On either side of the path that led to the main entrance of the penn grew crotons and coliases and elder-flower, which in the daytime made a brave show of varigated colour. Beyond the limits of this carefully tended plot of earth the long guinea grass grew, and huge, heavy-foliaged, wide-spreading trees which created oases of shade even when the day was at its hottest. Fruit trees abounded in this property; mangoes and limes and grapefruit; shaddock, guavas, starapple and orange; and tonight the perfume of orange blossoms filled the air and was carried far away by the cool breezes which came stealing gently downwards from the hills.
“Let me give you a hint,” said Dick, as they strolled out of hearing. “Our people are just now passing through one of their periodical fits of depression, and you will probably hear them expressing fears of negro uprisings and all that sort of thing—you heard mother tonight. I am quite used to it, but you are not, and you may be frightened. Don’t allow yourself to be. The danger is purely imaginary.”

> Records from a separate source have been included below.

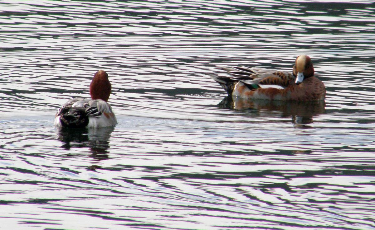 大分では普通に見かけるカモです。年中見るカルガモは留鳥ですが、ヒドリガモは冬鳥で、かなりの数やってきています。
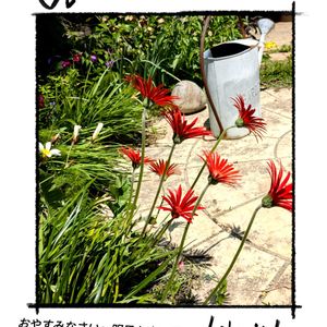 可愛い姿のガーベラ ブリキのジョウロはお気に入りの庭のアイテム ♡♡♡♡♡ おやすみなさい〜🌛 明日も宜しくです🎶🥱
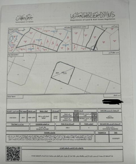 Commercial residential land for sale in - Ajman Location/ Al Alia Area/ 2755 SqFt Price 1200000 Land Permit/ G 3 Free Hold all Nationalities
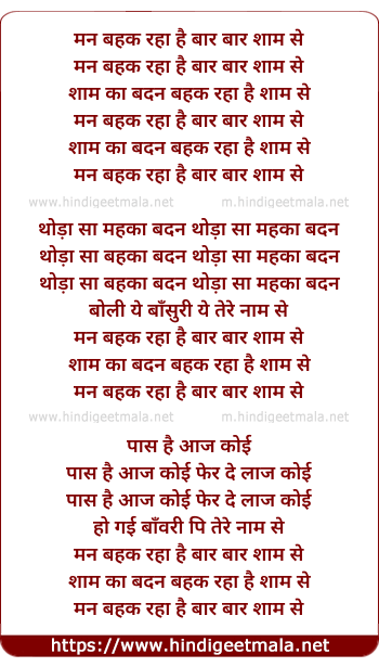 Lyrics of Man Bahak Raha Hai - मन बहक रहा है
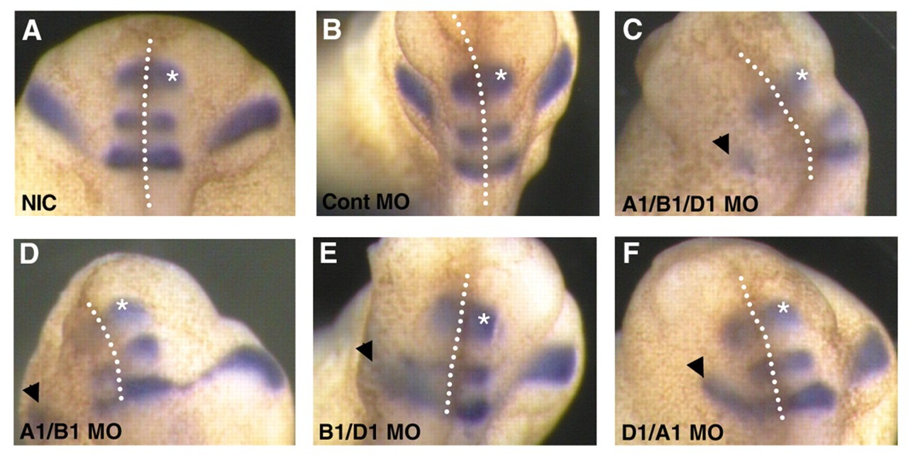 Fig. 3. The triple PG1 knockdown phenotype is more severe than the double knockdowns. Morpholinos for each Hox PG1 gene were injected either in double (D: A1/B1 52%, n=25; E: B1/D1 48%, n=29; F: D1/A1 64%, n=33) or triple (C: A1/B1/D1 94%, n=35) combinations into the left-hand side of the embryo and Krox20 and Engrailed-2 (*) expression analysed. The hindbrain region of early tailbud stage embryos is shown, with anterior to the top. Non-injected controls (NIC; A), and embryos injected on the left-hand side of the embryo with control morpholino (B) are also shown. Arrowheads indicate neural crest expression. |
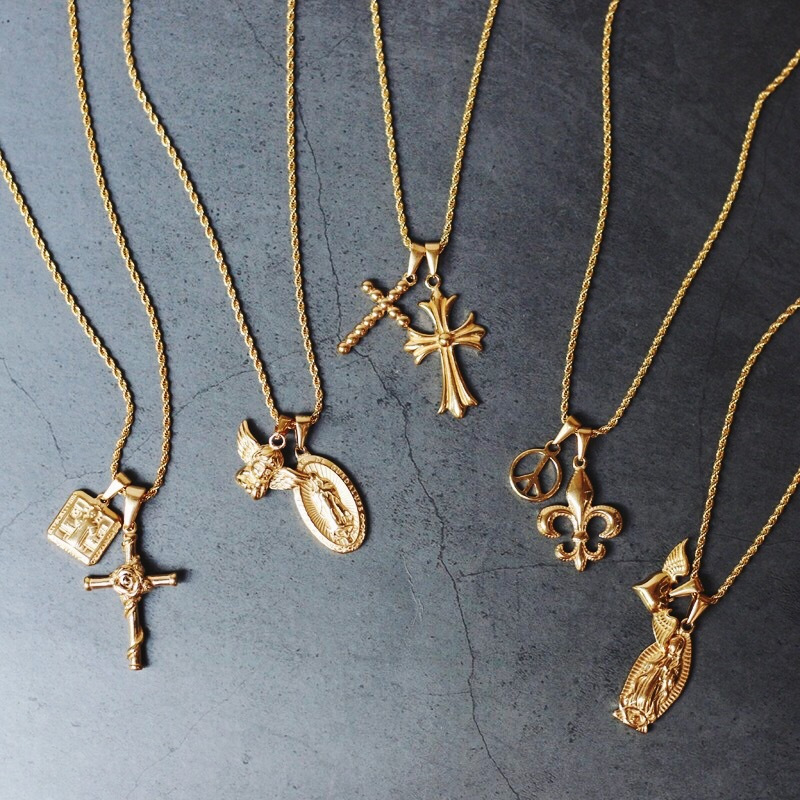 | nameOriginal | Retro European and American Single Pendant Cupid Angel Love Cross Rose Necklace Pendant Accessories Titanium Steel Plated 18K Gold |
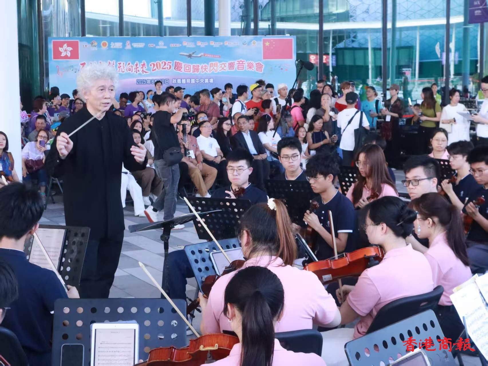 由香港華菁會、香港青年愛樂樂團慈善基金會,主辦的「再啟新篇,飛向未來」2025慶回歸快閃交響音樂會,今日(10日)下午在啟德體育園中央廣場舉行,民政及青年事務局政治助理張進樂、啟德體育園總監(jiān)(策略發(fā)展)鄧竟成、九龍西立法會議員梁文廣、香港華菁會秘書長朱江等人獲邀出席活動。

“I have heard a lot of such talk before,” said Joyce. “I was saying that I would have come out to Jamaica two years ago, but mother changed her mind almost at the last moment.”
“Yes?”
“That was because she became afraid; she has never quite recovered from her experience here as a girl. She insists that she and Aunt Charlotte were very nearly murdered by the negroes.”
“She does not exaggerate,” said Dick grimly; “but that was thirty-five years ago.”
“Mother really did not want me to come But I had so often promised Aunt Charlotte to come out that I simply had to. Father said my visit could no longer be postponed.”
“And that is the only reason why you came?”
“Well,” she replied coquetishly, “there is Aspley, our estate, you know.”
“And what about your promise, that some day you would come to Jamaica, and that when next we met you would answer my question? That had nothing to do with your coming?”
“I was a mere chit of a girl when I said that,” she laughed, “and you were only a boy.”
“I was twenty-two. In the intervening five years I have not changed. Have you?”
“Perhaps I am as uncertain as ever,” she said gently. “I don’t know. But I am here, with you. Dick.” She paused for a moment. “I cannot answer now,” she pleaded, “don’t press me.”
The orange blossoms filled the air with their delicate perfume, and the stars filled the heavens with light. Beyond them the darkness wrapped the earth as with a shroud, and hung a veil of mystery between them and the world. Far away, like giant sentinels, towered the solemn mountains, and through the tropical night the lurid fires blazed. But they saw nothing save one another just then, were conscious of themselves alone. He made no comment on her last words; indefinite as they were. She was with him, as she said, and that for the present was enough.
Suddenly, shrilly piercing the silence, came the measured beat of a chant. It intensified the brooding silence, added a touch of weirdness to the wonder of the night.
“A revival meeting in the neighbourhood.” Dick explained. “It begins at ten o’clock precisely and sometimes lasts all through the night. It is growing late. I suppose we must go in now.”